Baseline power of theta oscillations predicts mystical-type experiences induced by DMT

bioRxiv Preprint Server March 11, 2021 Enzo Tagliazucchi, Federico Zamberlan, Federico Cavanna et al. 3 citations preprint

Inhaled DMT, a classic psychedelic, produces brief but profound changes in consciousness that vary with context. Using wireless EEG and source imaging, researchers mapped changes in neural oscillations. Frontal and temporal theta power inversely correlated with feelings of unity and transcendence—hallmarks of mystical-type experiences. A machine learning model confirmed the robustness of these results. The findings align with the idea that pre-drug mindset influences subjective experience. Priming individuals to lower theta power before taking a serotonergic psychedelic might increase the likelihood of mystical-type experiences, potentially enhancing well-being and therapeutic outcomes.

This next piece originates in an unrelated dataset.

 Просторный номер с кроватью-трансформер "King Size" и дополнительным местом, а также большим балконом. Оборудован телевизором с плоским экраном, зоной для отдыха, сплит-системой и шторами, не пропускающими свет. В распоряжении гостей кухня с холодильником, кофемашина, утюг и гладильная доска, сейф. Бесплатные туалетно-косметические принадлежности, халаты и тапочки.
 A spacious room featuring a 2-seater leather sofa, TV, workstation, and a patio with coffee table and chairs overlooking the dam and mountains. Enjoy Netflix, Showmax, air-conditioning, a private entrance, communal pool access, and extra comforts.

Decoding the phenomenology of spontaneous thought using large language-model ratings on verbal retrospective free reports

bioRxiv Preprint Server April 22, 2026 Nicolás Bruno, Federico Cavanna, Federico Zamberlan et al. preprint

Spontaneous thoughts make up most of everyday inner experience, but studying them is difficult because traditional methods disrupt the natural flow of thinking or introduce motor artifacts. An alternative approach combined delayed verbal retrospective free reports with automated ratings from large language models. Twenty-two participants performed an eyes-closed free-thinking task, and their reports were evaluated on ten dimensions by four LLMs and human raters. Machine-learning models trained on EEG features achieved above-chance accuracy for predicting emotional valence. LLMs showed higher inter-rater agreement than humans, supporting their use for scalable annotation and suggesting that affective dimensions of spontaneous thoughts can be decoded from brain activity.

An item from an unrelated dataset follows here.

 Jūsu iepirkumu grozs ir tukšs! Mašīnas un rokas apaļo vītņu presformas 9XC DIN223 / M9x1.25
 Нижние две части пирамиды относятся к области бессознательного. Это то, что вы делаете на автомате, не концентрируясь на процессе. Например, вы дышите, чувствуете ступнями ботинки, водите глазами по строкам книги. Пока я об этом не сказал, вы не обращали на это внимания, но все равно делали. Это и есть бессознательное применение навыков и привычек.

Temporal irreversibility of neural dynamics as a signature of consciousness

bioRxiv Preprint Server September 2, 2021 Laura De la Fuente, Federico Zamberlan, Hernán Bocaccio et al. preprint

The laws of physics are time-symmetric, but dissipative systems like the brain show a preferred temporal direction. Using a deep learning framework inspired by stochastic thermodynamics, researchers analyzed electrocorticography signals from non-human primates. Brain activity during conscious wakefulness could be distinguished from its time-reversed version with high accuracy, using both frequency and phase information. This ability was reduced during deep sleep and ketamine-induced anesthesia. Transitions between slow (≈20 Hz) and fast frequencies (> 40 Hz) mainly contributed to the temporal asymmetry seen during wakefulness. The findings suggest that a preferred temporal direction in neural activity correlates with conscious awareness, linking brain processes to the subjective experience of time's passage.